В подтверждение сказанного приведу еще один пример. Участником того боя под Легедзино был фронтовой корреспондент газеты «Красная звезда» Т. Лильин. В начале августа 1941 года в центральной армейской газете была опубликована его статья об этих событиях. В ней он поведал, что в нападении на штаб 8-го стрелкового корпуса участвовало 25 танков и два батальона пехоты противника. Атаку фашистов отражали комендантская рота и работники штаба корпуса. Бой длился полтора часа, в ходе которого противник потерял девять танков. Об участии в том бою пограничников и их служебных собак в статье также ничего не сказано. Нет упоминания об этом случае и в известных на сегодняшний день немецких архивных документах. К этому следует добавить, что, судя по Директиве Генерального штаба Вооруженных Сил СССР №Д-6795с от 4 ноября 1961 года, Отдельная Коломыйская пограничная комендатура участвовала в боевых действиях в районе г. Умань только в период с 11 по 25 июля 1941 года. А бои в районе с. Легедзино, как уже ранее отмечалось, проходили в ночь с 31 июля на 1 августа 1941 года. Получается, что обе вышеназванные пограничные части в тех боях никакого участия не принимали.

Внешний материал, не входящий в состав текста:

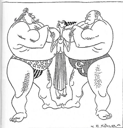
Europa „Verderben Sie sich's nicht ganz mit mir, meine Herren – ich besinne mich eben, ob ich nicht doch die dritte Kraft werde...“

Надеюсь, что представленных аргументов вполне достаточно для того, чтобы сделать окончательный вывод о том, что вышеприведенный факт не что иное, как очередной миф, созданный одним ветераном войны и растиражированный журналистами некоторых средств массовой информации. Ну а появление этого недостоверного сюжета в недавно вышедшей исторической работе ученых Пограничной службы ФСБ России еще раз убеждает в том, что кризис в исследованиях проблемы участия пограничников в Великой Отечественной войне до сих пор не преодолен, а так называемый воспитательный аспект в них по-прежнему преобладает над научной объективностью и здравым смыслом.
А вот другой пример такого же плана. В книге В. Боярского и А. Цветкова «Хронотон генерала Масленникова. Забытый полководец» авторы впервые поведали читателям о том, что в начале августа 1942 года И.В. Сталин якобы лично навестил в кремлевской больнице раненного командующего 39-й армией, бывшего заместителя наркома внутренних дел по войскам генерал-лейтенанта И.И. Масленникова и в ходе непродолжительной беседы предложил тому возглавить Северную группу войск Северо-Кавказского фронта[70]. При этом авторы очень подробно воспроизвели содержание состоявшегося в тот день разговора. Как бы объясняя читателям столь невероятную свою осведомленность в этом вопросе, авторы в примечании указали, что «содержание беседы записано старшим сыном Масленникова, Владимиром, после войны со слов присутствовавшего на ней офицера особого отдела Г.И. Тепцова».